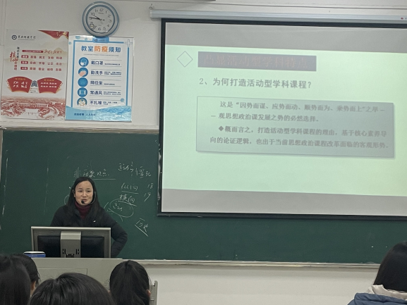 第二次讲座中胡霞英老师展示了她设计的公开课课件,利用讲解的形式让思政专业学生学习到如何在课前进行有趣的导入,调动学生的注意力;如何设置恰当的议题,让学生掌握所学知识;如何挑选具有影响力和权威性的案例材料,让学生树立思想政治学科核心素养和正确的价值取向。
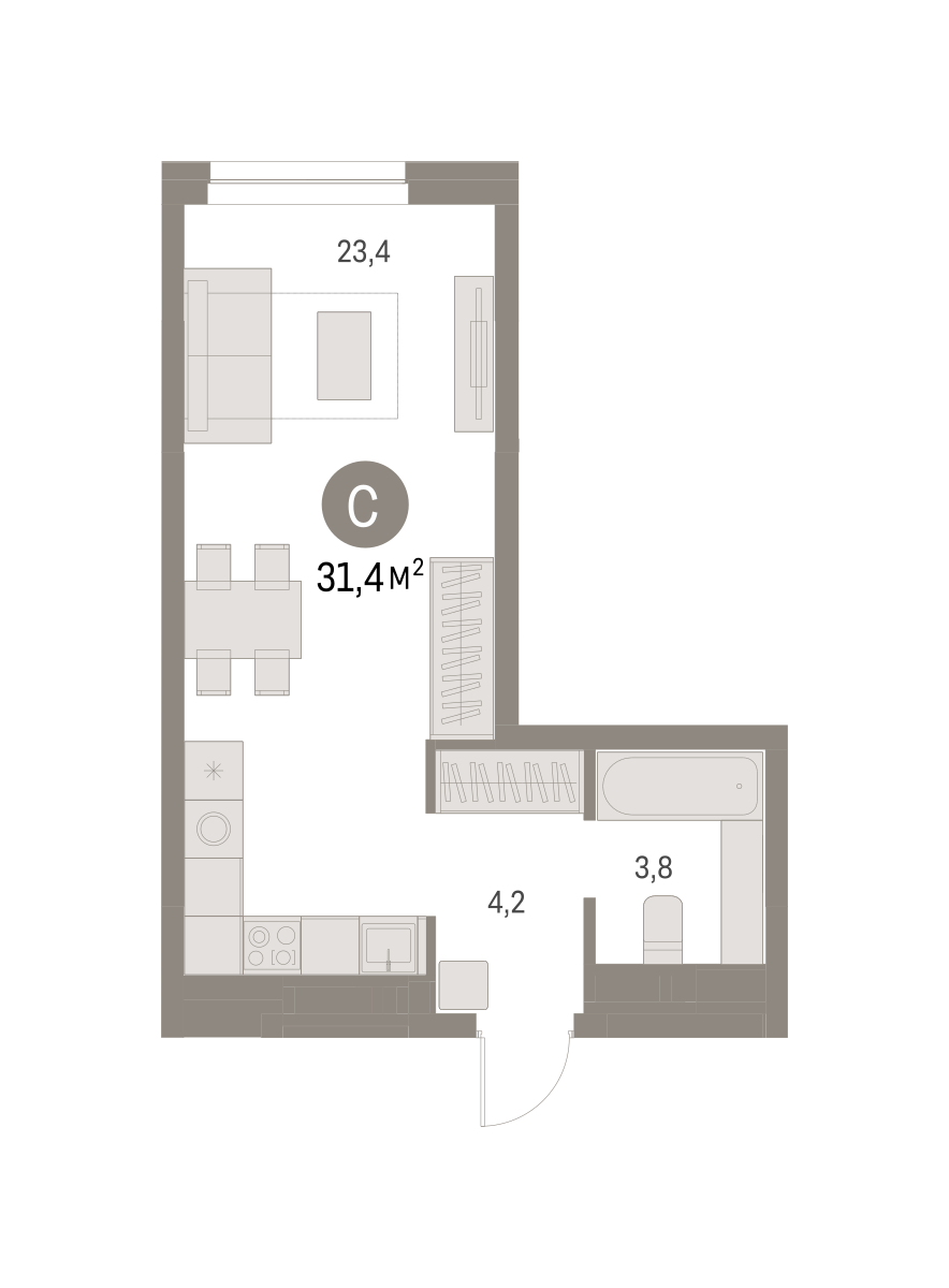 Студийные планировки полагаются и тем квартирам, метраж которых достигает 37,9 кв. м.
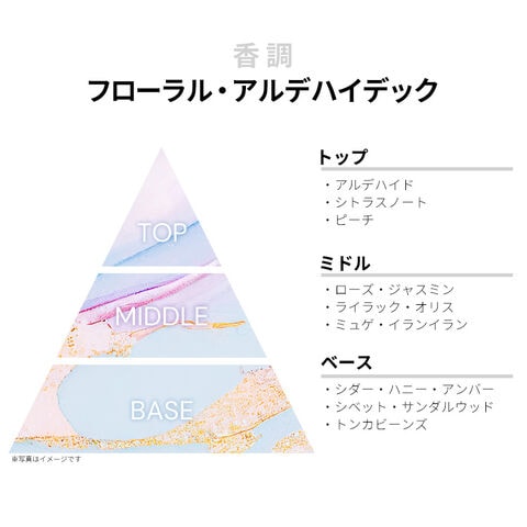 アルデハイド、シトラスノート、ピーチなどがふんわりとテンダーに浮かび上がるトップから、ローズ、ジャスミン、ライラック、オリス、ミュゲ、イランイランなどが、まさにフローラルの王道を行く上質でエレガントなブーケを創り上げるミドルへ。ラストはシダー、ハニー、アンバー、シベット、サンダルウッド、トンカビーンズなどが、グラマラスでラグジュアリーなスウィートを淡く漂わせ、上品で繊細な佇まいの貴女の女性らしい美しさをさりげなくアピールしてくれることでしょう。
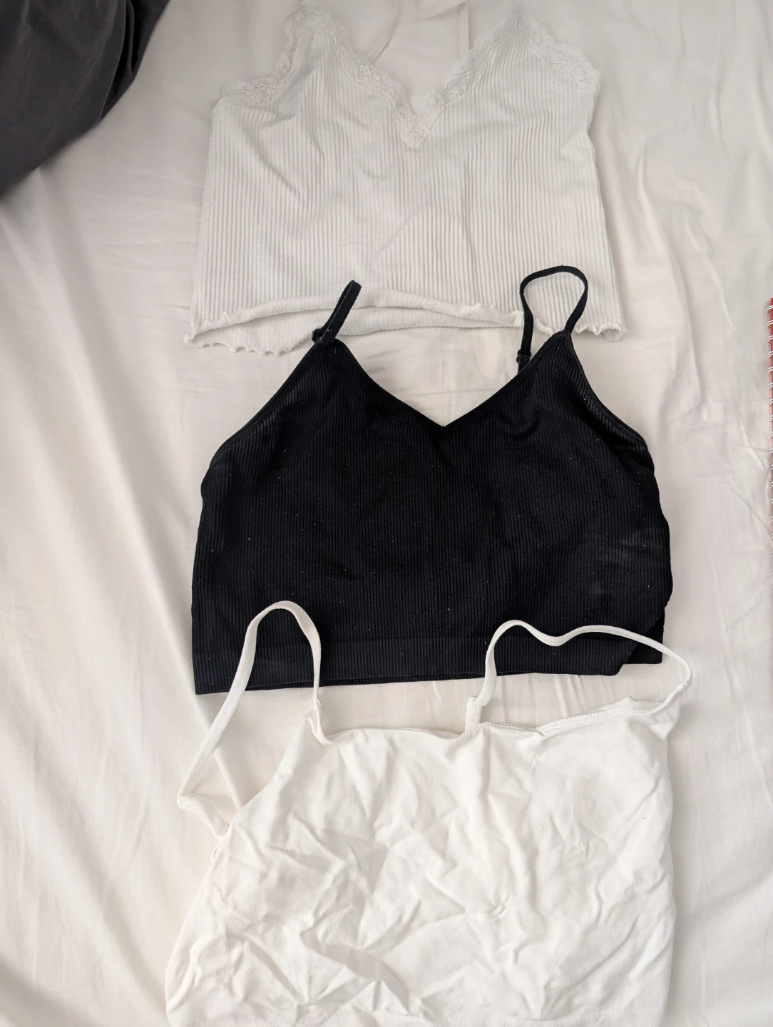 Comes with ribbed camisoles, one black and one white. Both are made from a comfortable, stretchy material. They're great for layering or wearing on their own!
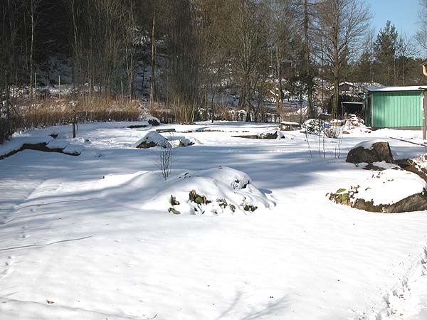 För att få unden den dm snö som låg på eldplatsen funderade jag först på att skotta men testade med att rulla snöbollar istället, det var ju kramsnö. Det gick bra och om jag bara kunnat lyfta bollarna hade det blivit 2 fina snögubbar men det var nätt och jämnt att dom gick att rulla.
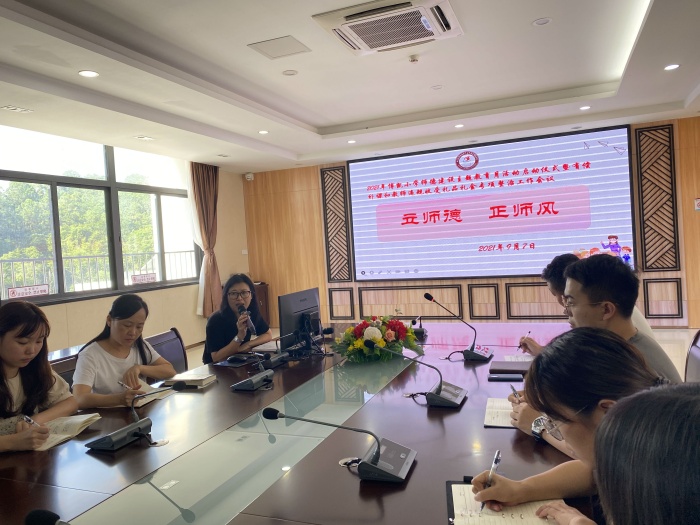會上,謝少聲副校長帶領全體教師學習《中山市中小學有償補課和教師違規收受禮品禮金問題專項整治實施方案》和《中山市師德師風建設三年行動計劃》,從“師德”、“廉潔”兩個角度出發,提醒全校教師要愛崗敬業,以德育人,以身為范做學生的表率,要廉潔從教,以一顆愛心、滿腔熱情堅守教育事業,落實立德樹人的根本任務,做新時代“四有”好教師。
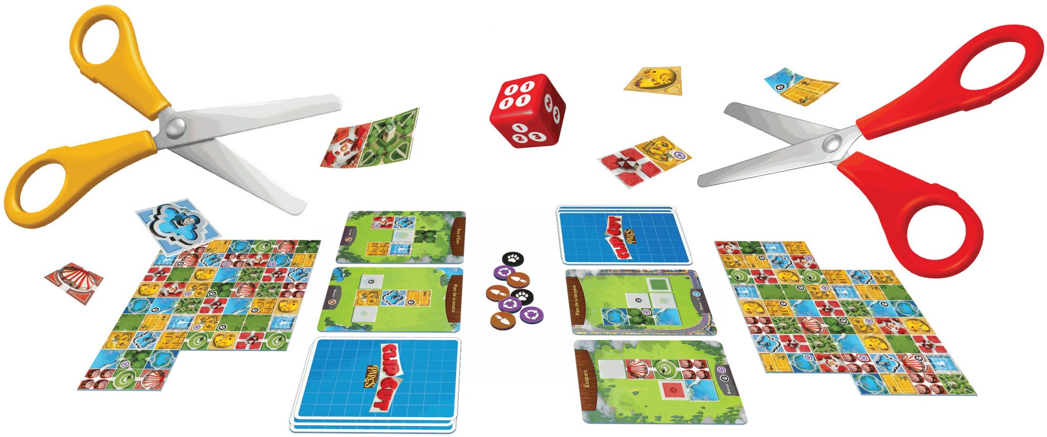 Découpez astucieusement votre feuille de terrains (à l'aide des ciseaux fournis pour chaque joueur dans la boîte de jeu) pour réaliser vos objectifs de construction des plus beaux parcs de la ville!
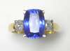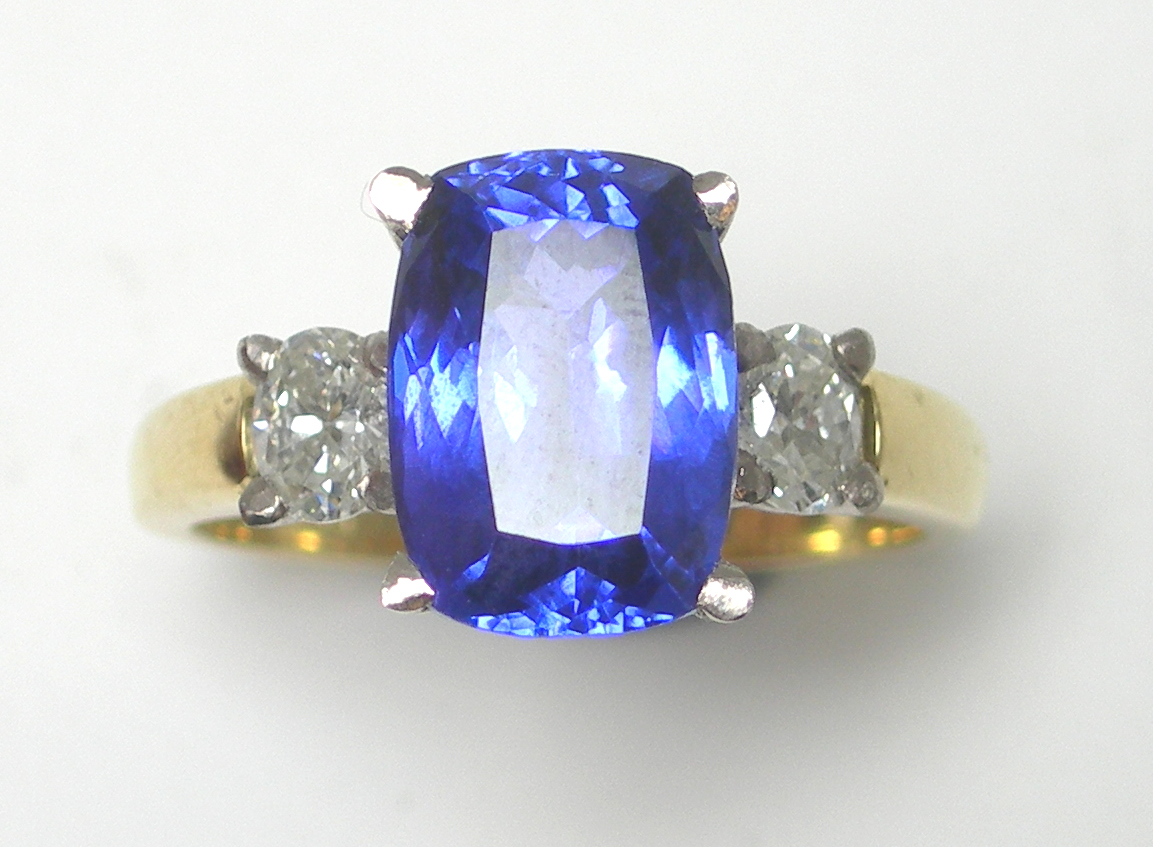 claw set to the centre with a fancy rectangular cut Tanzanite, flanked to either side by a round brilliant cut diamond
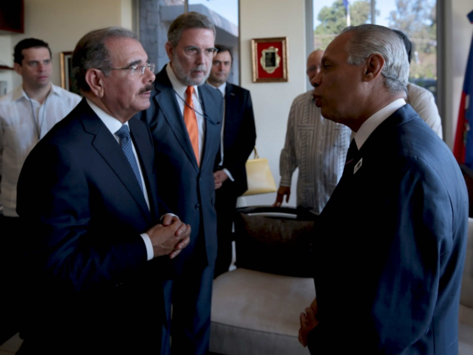 El presidente de la República, Danilo Medina, dialoga con Victorin Lurel, ministro de Cooperación Francés, previo al inicio de la V Cumbre de Jefes de Estado y de Gobierno de la Asociación de Estados del Caribe (AEC), en Puerto Príncipe, Haití.
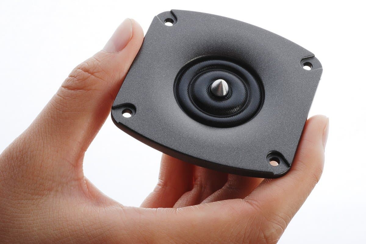 Размер диффузора СЧ-динамика составляет пять сантиметров. Стоит отметить, что резиновый подвес тактильно очень мягкий. Подключение головок осуществлено через кроссовер. Магнитные системы всех использующихся динамиков имеют магнитное экранирование. Колоночки устанавливаются на ножки. Кроме этого, сзади корпуса предусмотрены отверстия для крепления сателлитов на стену.
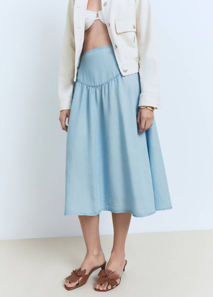 Lyocell fabric. Soft denim. Midi design. A-line design. High-rise. Back zipper closure
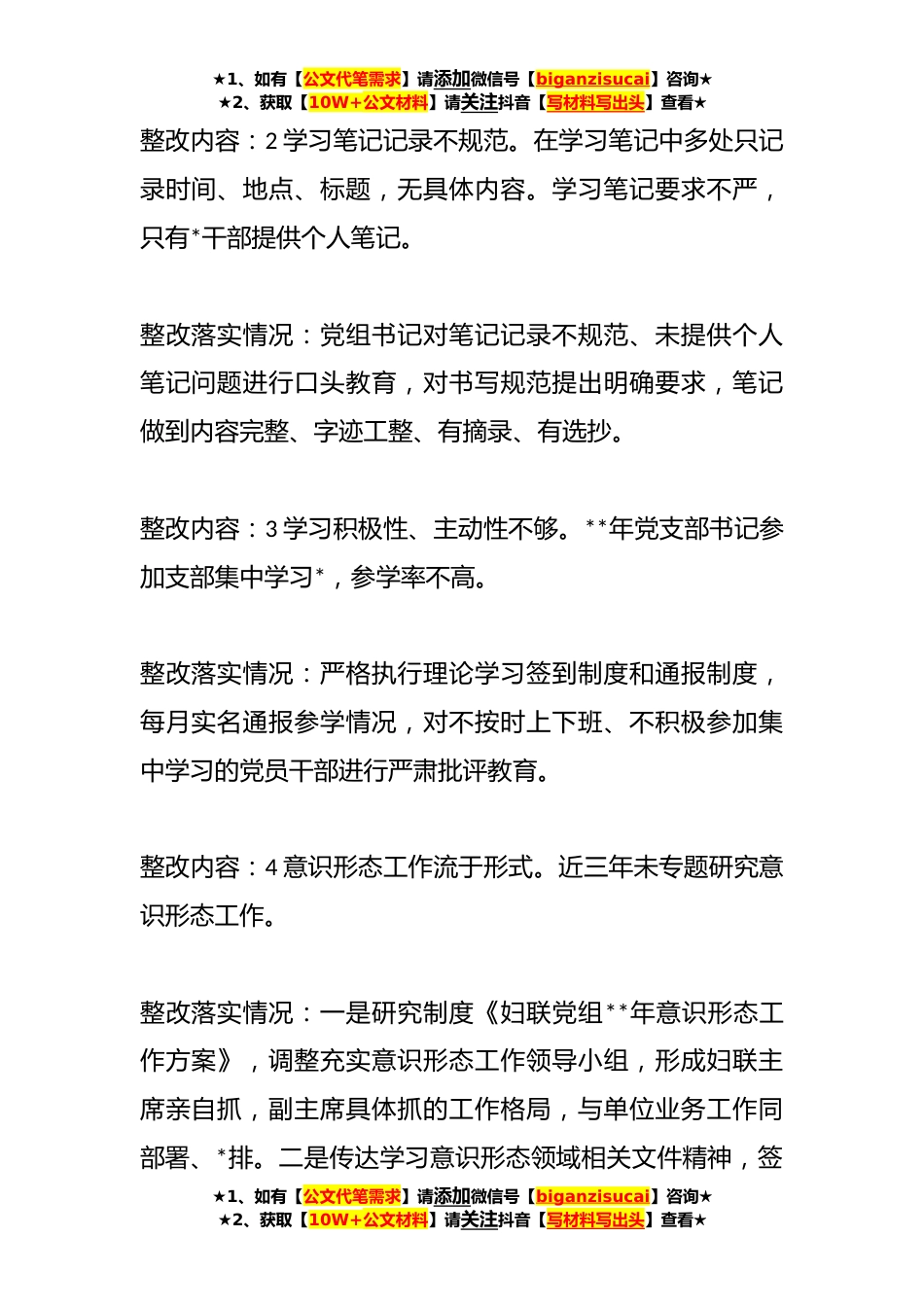 ★1、如有【公文代笔需求】请添加微信号【biganzisucai】咨询★★2、获取【10W+公文材料】请关注抖音【写材料写出头】查看★某区妇联党组关于巡察整改情况的报告根据党中央、区党委、市委和区委的安排部署,**年X月*至X月*对妇联党组开展常规巡察,并于**年X月*对巡察情况进行了反馈。按照党委公*则和巡察工作有关要求,现将巡察整改情况报告如下。一、聚焦党的理论路线方针政策、党中央和自治区党委重大决策、市委和区委部署要求在基层贯彻落实方面。整改内容:1理论学习不重视。未见党的XX大精神学习方案及中央第七次*工作座谈会精神学习心得体会。整改落实情况:一是科学合理制定学习计划,将学习习近平新时代中国特色社会主义思想、党的XX大精神、中央第七次*工作座谈会精神等纳入学习计划中,党组书记带头执...
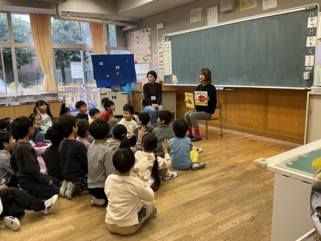 11月25日(火)、今日は保護者の方による読み聞かせです。今のシーズンにぴったりの話を聞かせてくださいました。子どもたちは、興味津々でした。話に反応する子どもたちの姿、とってもすてきです。

··········

WORK INSTRUCTION: Could you output exactly the lines above, from the line with "För att få unden" up to and including the line with "claw set to", and nothing else, skipping the pictures?

TASK RESULT:
 För att få unden den dm snö som låg på eldplatsen funderade jag först på att skotta men testade med att rulla snöbollar istället, det var ju kramsnö. Det gick bra och om jag bara kunnat lyfta bollarna hade det blivit 2 fina snögubbar men det var nätt och jämnt att dom gick att rulla.
會上,謝少聲副校長帶領全體教師學習《中山市中小學有償補課和教師違規收受禮品禮金問題專項整治實施方案》和《中山市師德師風建設三年行動計劃》,從“師德”、“廉潔”兩個角度出發,提醒全校教師要愛崗敬業,以德育人,以身為范做學生的表率,要廉潔從教,以一顆愛心、滿腔熱情堅守教育事業,落實立德樹人的根本任務,做新時代“四有”好教師。
 Découpez astucieusement votre feuille de terrains (à l'aide des ciseaux fournis pour chaque joueur dans la boîte de jeu) pour réaliser vos objectifs de construction des plus beaux parcs de la ville!
 claw set to the centre with a fancy rectangular cut Tanzanite, flanked to either side by a round brilliant cut diamond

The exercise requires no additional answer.